アックスで横からの攻めを防いだアレスだったが、体勢を整える前に、連続の突きが繰り出される。
防ぎきれずに何発か受けてしまい、よろけたその時。

「あ……!」

小さな声が耳に届いた。
そちらに意識を向けてしまったまさしく一瞬を、毘沙門天が逃すはずがなく。
渾身の突きが、腹部に直撃した。

「……っは!」

あえなく地面に叩きつけられ、勝敗が決した。
強烈な痛みに呼吸が止まりそうになる。
手足に力が入らず、立ち上がれるかが心配だ。

「す、すまん!やけに綺麗に入ってしまったな」

毘沙門天が慌てて駆け寄り、アレスを助け起こす。覚束無い足元と顔色の悪さを見かねてか、寄りかかれる岩のそばまで付き添ってくれた。

「しばらくそこで休んでおれ。すまなかったな、軍神」
「いや……私が悪い。気にしないでくれ」

苦笑するアレスの頭をくしゃくしゃ、と撫で回してから、毘沙門天は見学者たちのもとへ引き返していった。
次いでナタクとフッキが飛び出してきたが、すでに始まっているらしく、並走しながら殴り合うという器用なことをしていた。
相変わらずの二人に忍び笑いをもらし、痛む腹部をさする。
酷い痣となりしばらくは治らないだろう。

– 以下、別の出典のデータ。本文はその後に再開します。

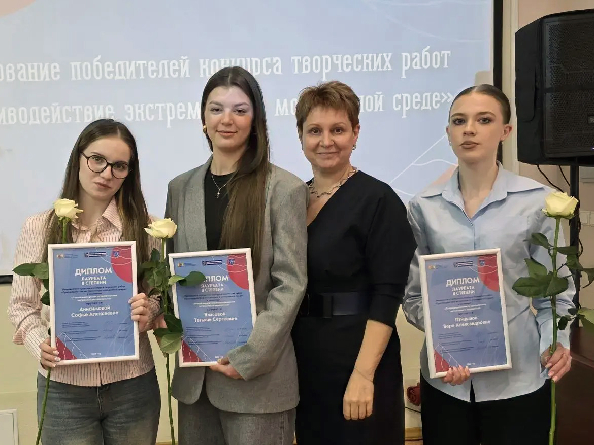 Лауреаты II степени – Татьяна Власова, Вера Птицына, Софья Анисимова (номинация «Лучший видеоролик по профилактике экстремизма и терроризма»),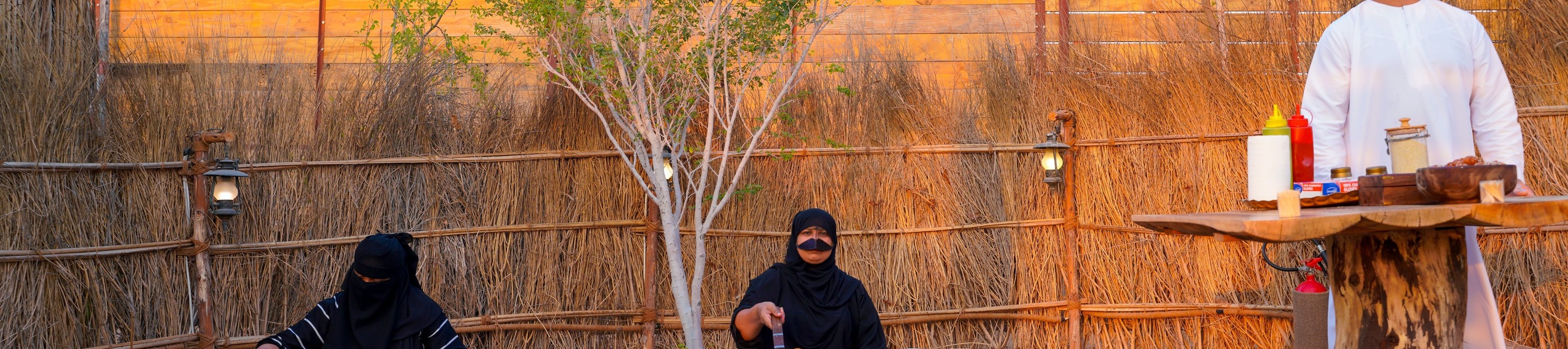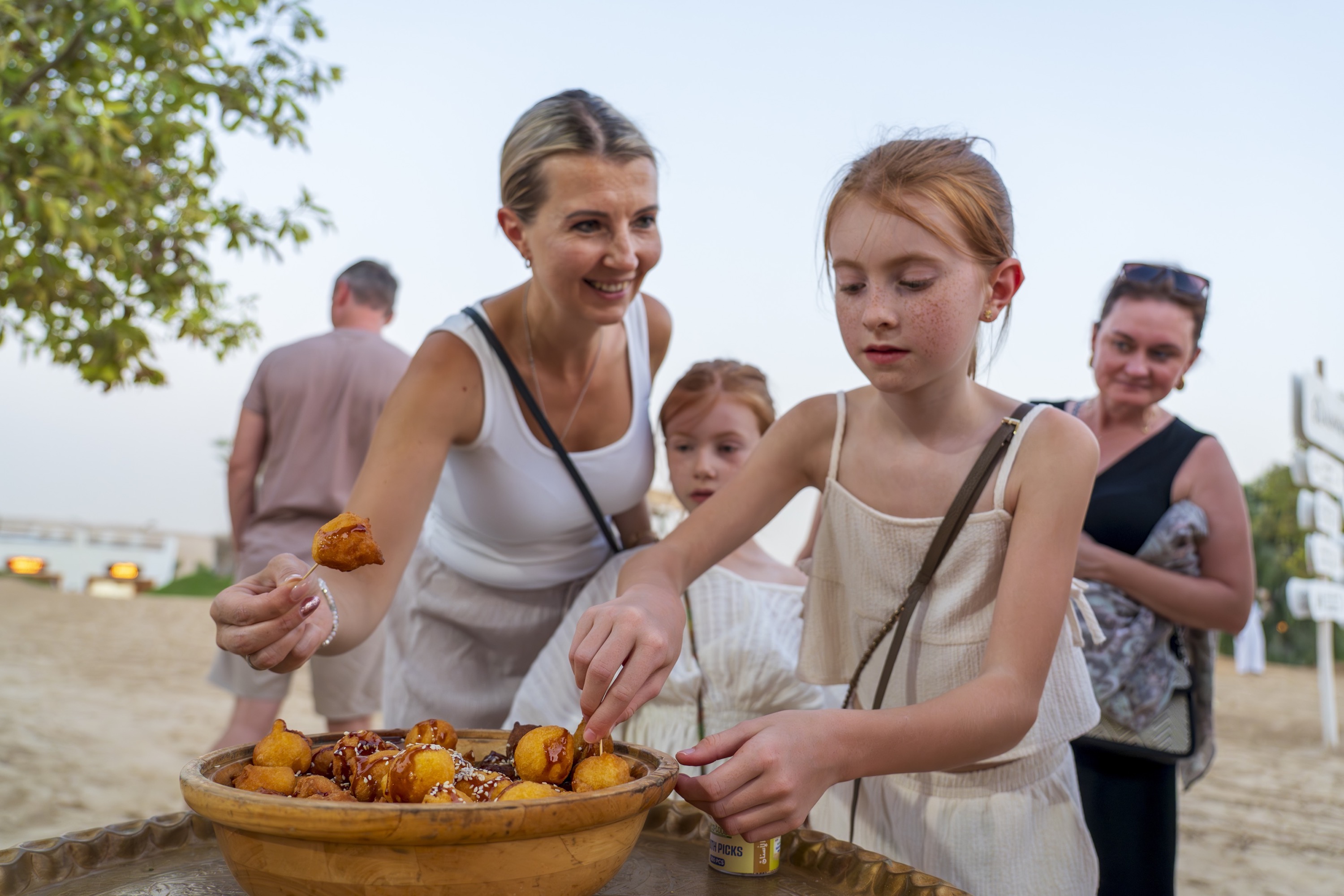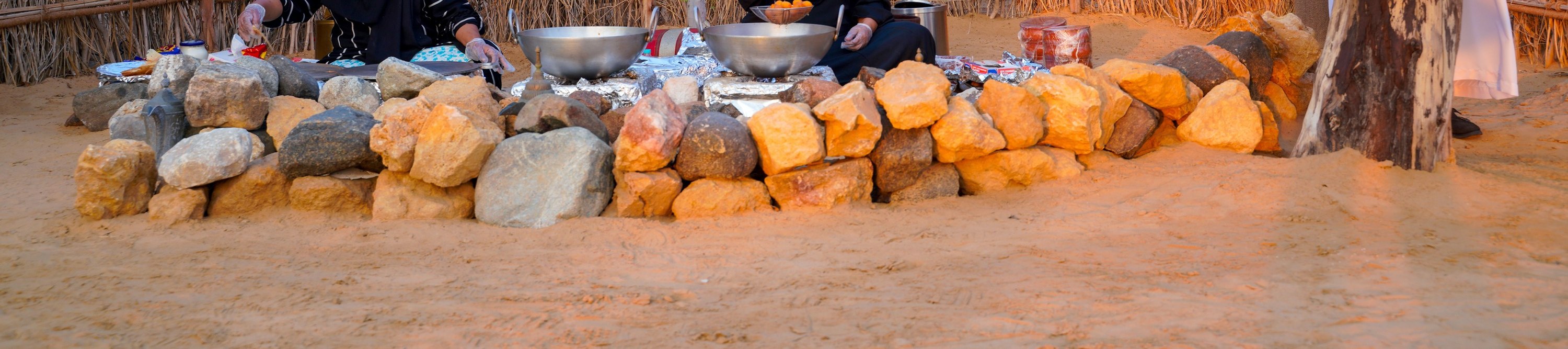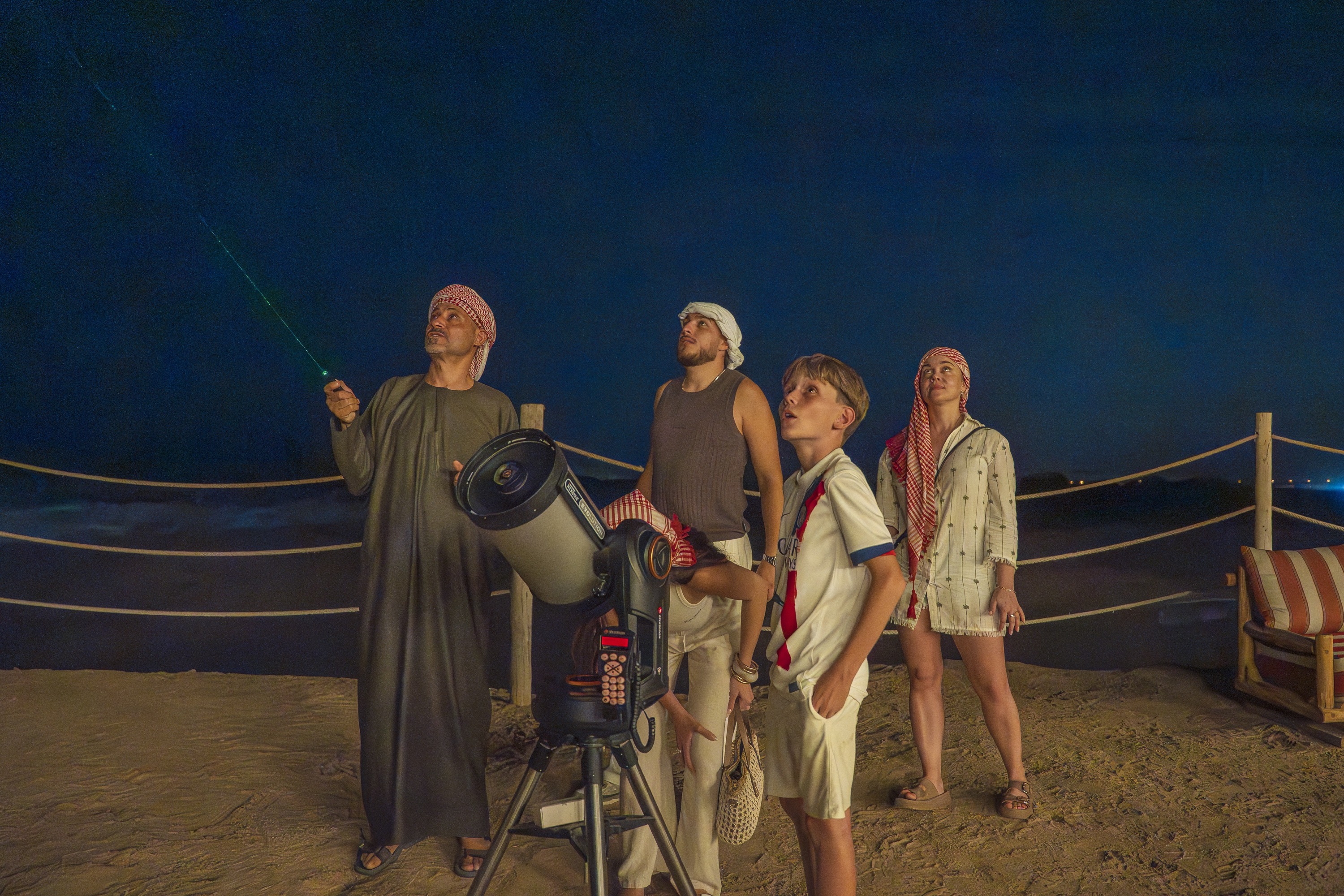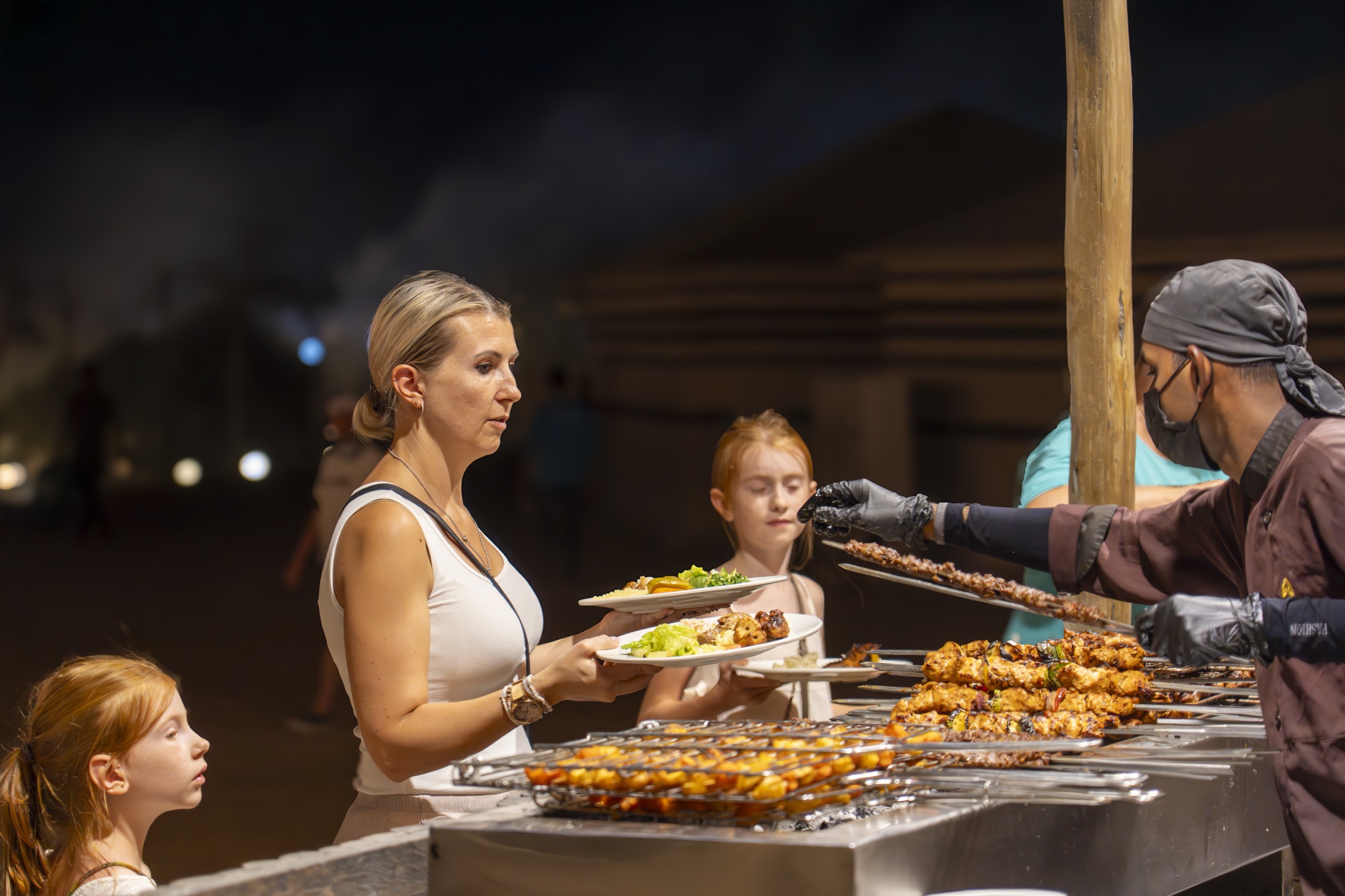 在 Al Marmoom Oasis 的金色沙丘中迎接新年。您將會品嚐到阿拉伯咖啡 (qahwa)、椰棗和傳統甜點 (gaymat),以及無限暢飲的軟性飲料和水。營地內有熱鬧的活動,還有阿拉伯自助餐,包含現場燒烤、羊肉飯 (lamb ouzi) 和素食選項,餐點由榮獲米其林必比登推薦的 Al Khayma Heritage Restaurant 提供。您還可以享受阿拉伯娛樂活動,例如:指甲花彩繪、駱駝騎乘、與獵鷹合照、水煙和咖啡製作。午夜時分,您將在沙漠夜空中欣賞璀璨的煙火表演,並透過望遠鏡觀賞星空。

それも困るが、手合わせの怪我くらいで貴重な薬草を使いたくはなかった。
先ほど毘沙門天に滅茶苦茶にされた髪を直していると、近付いてくる他神の気配がした。
慣れた気配だ。

「…………アレス」
「ん……アテナか。どうした」

落ち込んだ様子で視線をうろうろさ迷わせている。また余計な心配をしているのか。アレスは心中でため息をついた。

「あの……ごめんなさい、わたし」
「……? 何を謝る?」
「……あなたが負けてしまったの、わたしのせいでしょう」
「……何故そうなる……」

アテナ曰く、ナタクに指摘されたのだという。
アレスが危なくなった瞬間、思わず上げた声が彼の集中を乱したと。
それがなければ、十分逆転できたはずだと。

「だから……あなたが負けてしまったの、わたしのせいだわ」
「……集中を乱したことは否定しないが、それは」
「やっぱり……わたしのせいなのね!」
「人の話は最後まで聞けといつも言っているだろう、アテナ。少し落ち着け」

アレスに諭され、アテナはますますうつむいてしまう。

「集中を乱したことは否定しないが、それは私の油断のせいだ。お前のせいじゃない」
「……だけど……」
「ナタクの言ったことなら気にするな。私が違うと言っているのに、他神の言ったことを優先するのか?」
「……本当にわたしのせいじゃないって、思ってくれてるの?」
「私がお前に嘘をついたことがあったか?」

微笑みを伴う問いに、アテナも笑顔で「ないわ!」と返した。

「あなたはわたしに嘘、言わないもの!」
「ならもう落ち込むのはお仕舞いにしろ」
「ええ!」

もう笑顔になったアテナ。まったくころころと表情を変える、とアレスは再び苦笑した。

「隣に座っていいかしら……もっと近くでお話したいわ」
「ああ、座るといい」

嬉しそうにいそいそと隣に座り、しゃんと背筋を伸ばす。

「アレス、辛くはない?わたしの肩で良かったら、寄りかかってくれていいのよ?」
「……気持ちだけもらっておく」
「そう?辛くなったら言ってね。……わたし、こんなことを言うの、あの人とあなただけよ?」
「…………ありがとう」

笑顔を交わしあい、ナタクとフッキの手合わせを眺める。
互いに一歩も譲らないほど激しい打ち合いだが、ナタクがやや有利なようだ。
同じ女神でありながら、勇ましく強いナタクを見つめていると、肩に重みがかかる。
驚いて見れば、目を閉じかすかな寝息をたてるアレスが凭れかかっていた。
いつもの鋭い眼光は隠され、ほんの少し幼い寝顔をしている。

「本当に……あの人とあなただけよ?わたし、心から守りたいと思うの……」

凭れかかるアレスの頭に、自分の頭も寄りかからせ、アテナは幸せな気持ちで目を閉じた。